::: Information shown :::

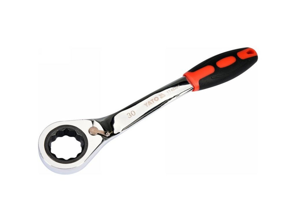 Egy csavarhúzó rátéttel és hajlított profilú kulcs, amely csavarok lazítására lett tervezve. Ajánlott autószervizek számára.
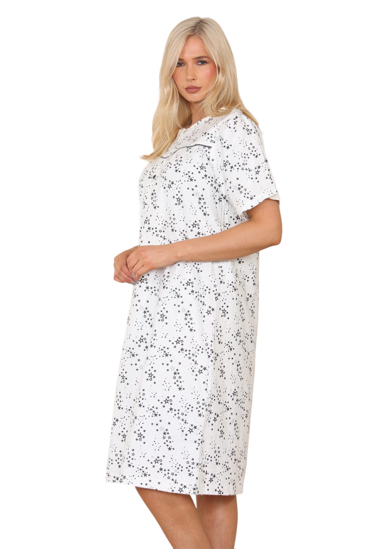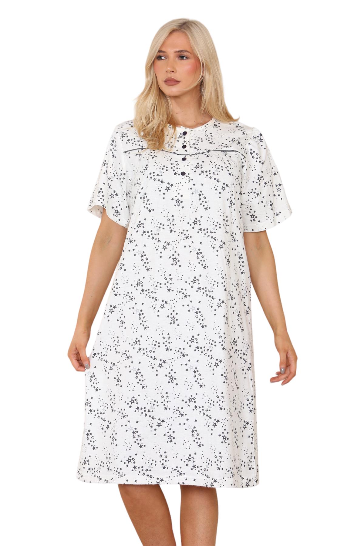 - This Short Sleeve Flannel Brushed cotton 4 Buttons pleated at the front Knee Length Nightie is for Extra Comfort and a winter Look.
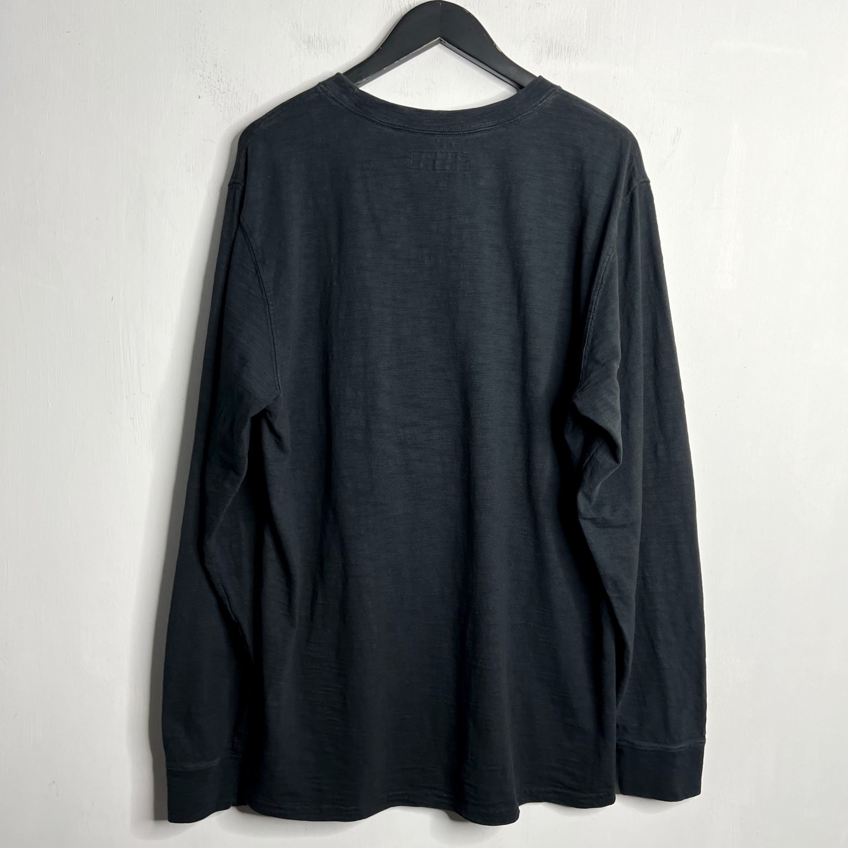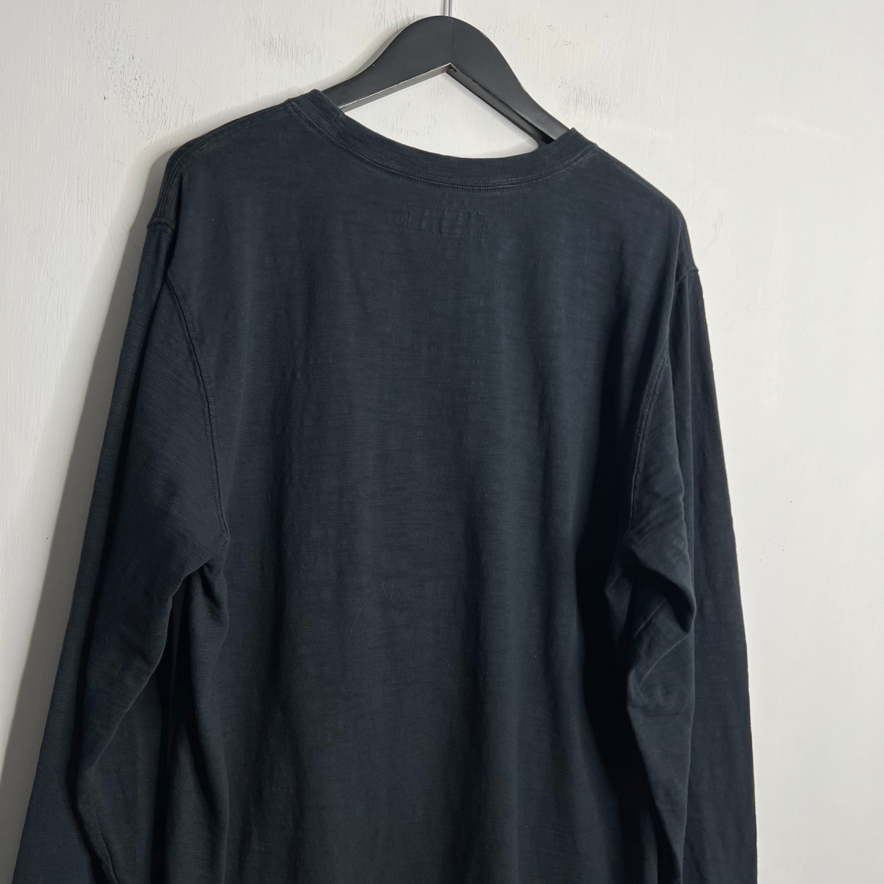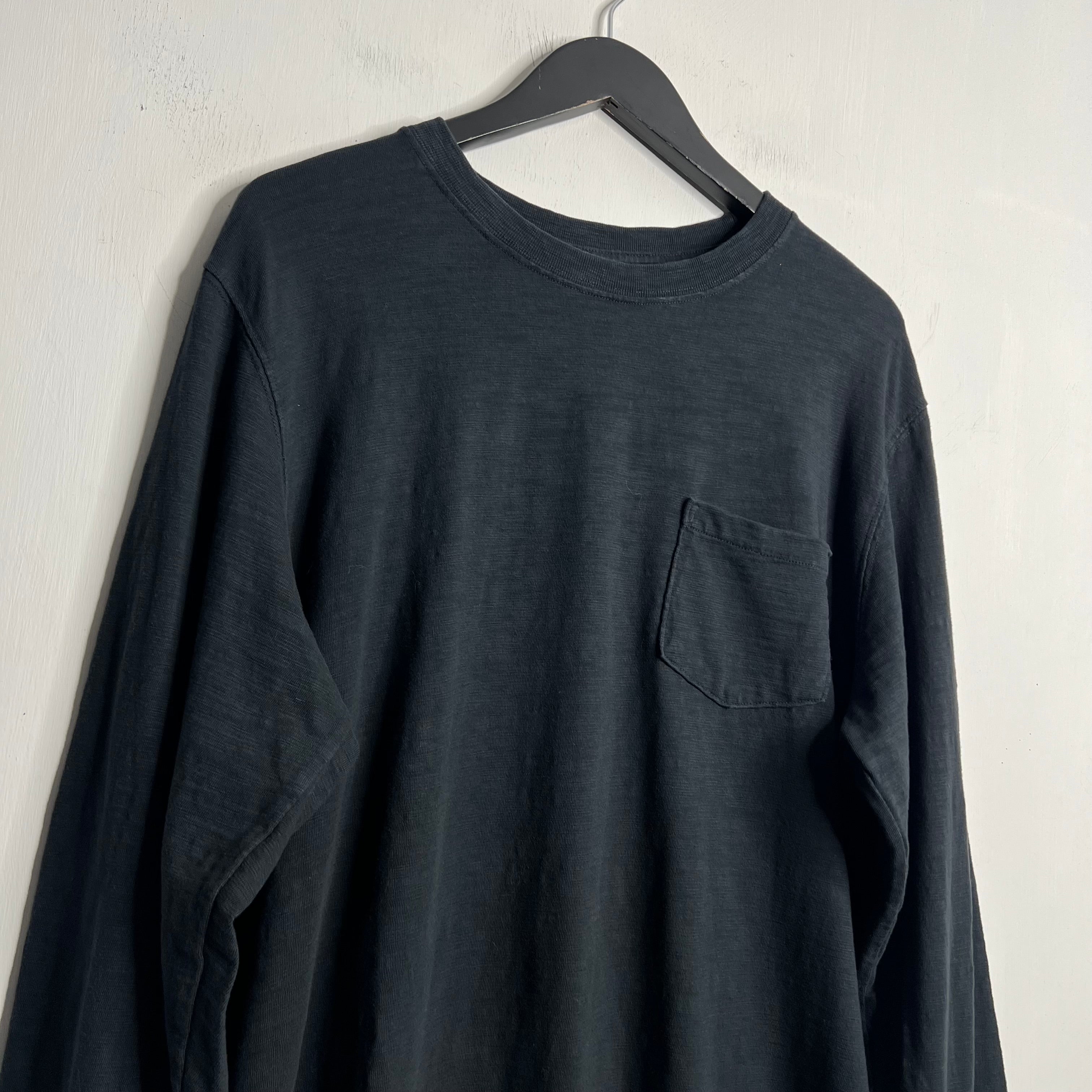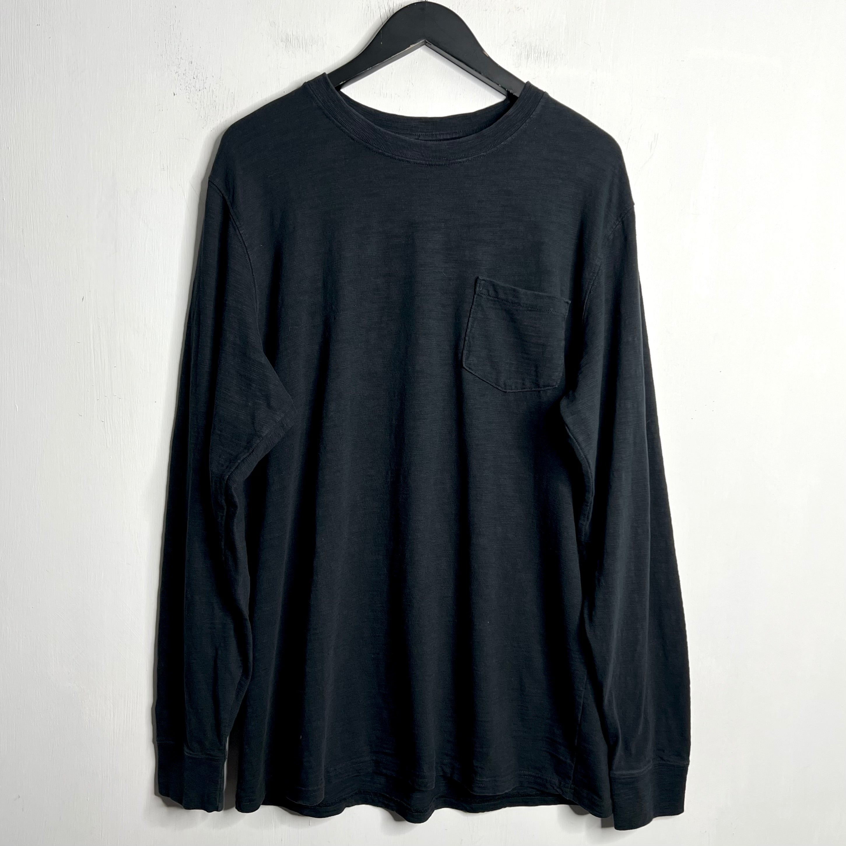 Master construction to this exceedingly rare J. Peterman Peruvian slub 1990s long sleeve pocket tee with a particularly rad fade. 24" armpit to armpit, 31" top of back collar to bottom. FOTL says L fits XL. 100% cotton. Made in Peru.

:::

Assignment.
Would you please transcribe the listing in full, exactly, while omitting the images?

Exercise result.
 Egy csavarhúzó rátéttel és hajlított profilú kulcs, amely csavarok lazítására lett tervezve. Ajánlott autószervizek számára.
 - This Short Sleeve Flannel Brushed cotton 4 Buttons pleated at the front Knee Length Nightie is for Extra Comfort and a winter Look.
 Master construction to this exceedingly rare J. Peterman Peruvian slub 1990s long sleeve pocket tee with a particularly rad fade. 24" armpit to armpit, 31" top of back collar to bottom. FOTL says L fits XL. 100% cotton. Made in Peru.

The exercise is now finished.